### WHAT YOU NEED TO DO
Once the line containing "- optymalny rozstaw" is found in the entries below, restate it and each following line word for word, stopping after the line containing "Abwärts wird es".

[[ RECORDS SHOWN, beginning ]]

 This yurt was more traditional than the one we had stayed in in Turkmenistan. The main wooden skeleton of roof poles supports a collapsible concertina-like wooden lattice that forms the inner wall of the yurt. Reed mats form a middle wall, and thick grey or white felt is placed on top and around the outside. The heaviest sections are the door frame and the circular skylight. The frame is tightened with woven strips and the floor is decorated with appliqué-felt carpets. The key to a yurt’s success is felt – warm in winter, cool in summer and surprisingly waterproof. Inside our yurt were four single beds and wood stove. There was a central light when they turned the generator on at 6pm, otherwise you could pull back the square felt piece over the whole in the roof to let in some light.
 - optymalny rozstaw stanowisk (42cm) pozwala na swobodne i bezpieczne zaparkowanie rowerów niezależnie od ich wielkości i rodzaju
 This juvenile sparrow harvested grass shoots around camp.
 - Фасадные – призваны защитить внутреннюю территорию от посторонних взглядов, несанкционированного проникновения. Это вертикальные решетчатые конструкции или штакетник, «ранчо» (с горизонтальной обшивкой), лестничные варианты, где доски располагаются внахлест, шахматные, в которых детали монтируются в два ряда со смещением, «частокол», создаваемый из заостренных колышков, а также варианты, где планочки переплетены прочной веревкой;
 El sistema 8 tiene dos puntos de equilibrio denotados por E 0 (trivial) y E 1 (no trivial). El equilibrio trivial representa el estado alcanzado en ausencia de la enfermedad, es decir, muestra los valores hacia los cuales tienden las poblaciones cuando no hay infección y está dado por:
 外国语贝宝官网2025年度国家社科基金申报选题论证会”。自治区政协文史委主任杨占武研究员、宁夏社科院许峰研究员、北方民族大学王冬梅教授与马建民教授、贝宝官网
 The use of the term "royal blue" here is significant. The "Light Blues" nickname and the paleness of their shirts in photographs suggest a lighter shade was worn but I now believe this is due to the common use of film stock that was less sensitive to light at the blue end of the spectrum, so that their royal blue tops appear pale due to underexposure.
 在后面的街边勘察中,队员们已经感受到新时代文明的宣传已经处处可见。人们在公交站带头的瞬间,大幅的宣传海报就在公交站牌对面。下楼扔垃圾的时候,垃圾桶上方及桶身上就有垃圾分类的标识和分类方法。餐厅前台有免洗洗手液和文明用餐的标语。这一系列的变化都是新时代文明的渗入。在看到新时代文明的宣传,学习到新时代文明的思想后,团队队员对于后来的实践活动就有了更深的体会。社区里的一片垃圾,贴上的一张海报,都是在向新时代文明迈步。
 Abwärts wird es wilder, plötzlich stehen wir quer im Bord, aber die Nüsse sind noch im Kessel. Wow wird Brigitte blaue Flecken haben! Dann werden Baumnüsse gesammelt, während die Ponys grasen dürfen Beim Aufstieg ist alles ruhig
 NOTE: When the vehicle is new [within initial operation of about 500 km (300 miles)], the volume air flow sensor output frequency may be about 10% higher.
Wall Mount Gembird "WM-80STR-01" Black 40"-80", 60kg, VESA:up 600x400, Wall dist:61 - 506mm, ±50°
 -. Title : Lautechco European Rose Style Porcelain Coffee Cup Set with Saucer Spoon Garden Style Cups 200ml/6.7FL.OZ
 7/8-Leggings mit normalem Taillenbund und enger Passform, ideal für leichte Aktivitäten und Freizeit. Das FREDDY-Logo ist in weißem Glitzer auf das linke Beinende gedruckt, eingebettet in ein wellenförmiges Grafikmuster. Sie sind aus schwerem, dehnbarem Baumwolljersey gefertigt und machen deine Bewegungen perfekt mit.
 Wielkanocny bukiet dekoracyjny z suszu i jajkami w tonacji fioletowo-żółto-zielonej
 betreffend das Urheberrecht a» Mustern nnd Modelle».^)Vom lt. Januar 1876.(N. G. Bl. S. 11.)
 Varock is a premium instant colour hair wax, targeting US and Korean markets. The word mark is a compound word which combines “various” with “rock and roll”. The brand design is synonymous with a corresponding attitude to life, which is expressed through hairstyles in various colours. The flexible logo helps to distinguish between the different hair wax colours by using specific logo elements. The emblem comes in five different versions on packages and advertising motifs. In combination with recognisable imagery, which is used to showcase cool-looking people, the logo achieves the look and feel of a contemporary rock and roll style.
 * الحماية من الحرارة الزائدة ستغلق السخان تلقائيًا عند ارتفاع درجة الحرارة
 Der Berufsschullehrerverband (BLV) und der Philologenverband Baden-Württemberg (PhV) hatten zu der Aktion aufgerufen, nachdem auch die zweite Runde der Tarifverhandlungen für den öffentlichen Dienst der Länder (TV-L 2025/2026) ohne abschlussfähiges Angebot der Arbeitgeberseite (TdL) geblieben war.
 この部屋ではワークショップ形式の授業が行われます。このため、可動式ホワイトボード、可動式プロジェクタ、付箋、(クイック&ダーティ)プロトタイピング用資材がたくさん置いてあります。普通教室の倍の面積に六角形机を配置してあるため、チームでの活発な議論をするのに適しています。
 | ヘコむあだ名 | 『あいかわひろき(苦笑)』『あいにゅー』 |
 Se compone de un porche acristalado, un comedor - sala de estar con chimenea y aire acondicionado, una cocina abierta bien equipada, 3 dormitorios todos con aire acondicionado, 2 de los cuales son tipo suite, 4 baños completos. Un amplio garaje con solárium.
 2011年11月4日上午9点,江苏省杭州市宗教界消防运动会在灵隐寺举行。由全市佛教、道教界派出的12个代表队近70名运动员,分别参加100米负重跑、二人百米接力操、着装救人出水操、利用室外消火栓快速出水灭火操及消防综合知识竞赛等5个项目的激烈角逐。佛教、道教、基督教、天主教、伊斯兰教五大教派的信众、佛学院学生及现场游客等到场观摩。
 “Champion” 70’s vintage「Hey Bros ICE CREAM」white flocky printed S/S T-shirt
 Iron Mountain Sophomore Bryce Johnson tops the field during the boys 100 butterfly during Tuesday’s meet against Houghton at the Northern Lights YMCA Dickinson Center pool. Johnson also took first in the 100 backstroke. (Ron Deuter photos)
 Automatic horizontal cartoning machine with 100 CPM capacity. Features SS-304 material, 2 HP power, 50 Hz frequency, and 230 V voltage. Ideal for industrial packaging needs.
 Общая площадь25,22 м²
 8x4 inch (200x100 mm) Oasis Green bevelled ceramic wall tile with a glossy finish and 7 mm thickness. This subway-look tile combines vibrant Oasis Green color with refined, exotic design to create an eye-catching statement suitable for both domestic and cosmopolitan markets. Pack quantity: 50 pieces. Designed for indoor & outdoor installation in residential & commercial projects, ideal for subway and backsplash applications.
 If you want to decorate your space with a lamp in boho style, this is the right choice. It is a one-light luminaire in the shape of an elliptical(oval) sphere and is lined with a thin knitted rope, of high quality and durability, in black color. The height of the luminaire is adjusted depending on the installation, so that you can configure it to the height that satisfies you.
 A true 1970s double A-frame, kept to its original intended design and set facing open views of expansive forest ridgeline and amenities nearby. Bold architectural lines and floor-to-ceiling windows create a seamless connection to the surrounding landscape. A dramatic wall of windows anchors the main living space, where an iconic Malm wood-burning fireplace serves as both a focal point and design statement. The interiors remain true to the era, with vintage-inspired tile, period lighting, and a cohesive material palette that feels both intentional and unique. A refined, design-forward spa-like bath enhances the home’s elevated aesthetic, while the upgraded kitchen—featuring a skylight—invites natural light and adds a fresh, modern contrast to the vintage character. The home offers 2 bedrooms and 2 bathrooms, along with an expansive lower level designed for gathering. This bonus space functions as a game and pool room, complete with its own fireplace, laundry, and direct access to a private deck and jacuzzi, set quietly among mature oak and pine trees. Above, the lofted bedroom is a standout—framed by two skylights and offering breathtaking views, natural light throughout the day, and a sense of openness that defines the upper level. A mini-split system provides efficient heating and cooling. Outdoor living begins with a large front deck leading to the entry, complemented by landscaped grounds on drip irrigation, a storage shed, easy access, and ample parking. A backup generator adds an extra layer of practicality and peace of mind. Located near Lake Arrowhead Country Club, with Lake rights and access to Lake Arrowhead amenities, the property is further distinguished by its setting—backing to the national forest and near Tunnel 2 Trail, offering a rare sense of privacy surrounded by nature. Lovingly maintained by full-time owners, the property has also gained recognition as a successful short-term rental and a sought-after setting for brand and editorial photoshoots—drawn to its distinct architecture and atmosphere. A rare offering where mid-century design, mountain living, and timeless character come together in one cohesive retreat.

[[ RECORDS SHOWN, end ]]

### TASK OUTPUT
 - optymalny rozstaw stanowisk (42cm) pozwala na swobodne i bezpieczne zaparkowanie rowerów niezależnie od ich wielkości i rodzaju
 This juvenile sparrow harvested grass shoots around camp.
 - Фасадные – призваны защитить внутреннюю территорию от посторонних взглядов, несанкционированного проникновения. Это вертикальные решетчатые конструкции или штакетник, «ранчо» (с горизонтальной обшивкой), лестничные варианты, где доски располагаются внахлест, шахматные, в которых детали монтируются в два ряда со смещением, «частокол», создаваемый из заостренных колышков, а также варианты, где планочки переплетены прочной веревкой;
 El sistema 8 tiene dos puntos de equilibrio denotados por E 0 (trivial) y E 1 (no trivial). El equilibrio trivial representa el estado alcanzado en ausencia de la enfermedad, es decir, muestra los valores hacia los cuales tienden las poblaciones cuando no hay infección y está dado por:
 外国语贝宝官网2025年度国家社科基金申报选题论证会”。自治区政协文史委主任杨占武研究员、宁夏社科院许峰研究员、北方民族大学王冬梅教授与马建民教授、贝宝官网
 The use of the term "royal blue" here is significant. The "Light Blues" nickname and the paleness of their shirts in photographs suggest a lighter shade was worn but I now believe this is due to the common use of film stock that was less sensitive to light at the blue end of the spectrum, so that their royal blue tops appear pale due to underexposure.
 在后面的街边勘察中,队员们已经感受到新时代文明的宣传已经处处可见。人们在公交站带头的瞬间,大幅的宣传海报就在公交站牌对面。下楼扔垃圾的时候,垃圾桶上方及桶身上就有垃圾分类的标识和分类方法。餐厅前台有免洗洗手液和文明用餐的标语。这一系列的变化都是新时代文明的渗入。在看到新时代文明的宣传,学习到新时代文明的思想后,团队队员对于后来的实践活动就有了更深的体会。社区里的一片垃圾,贴上的一张海报,都是在向新时代文明迈步。
 Abwärts wird es wilder, plötzlich stehen wir quer im Bord, aber die Nüsse sind noch im Kessel. Wow wird Brigitte blaue Flecken haben! Dann werden Baumnüsse gesammelt, während die Ponys grasen dürfen Beim Aufstieg ist alles ruhig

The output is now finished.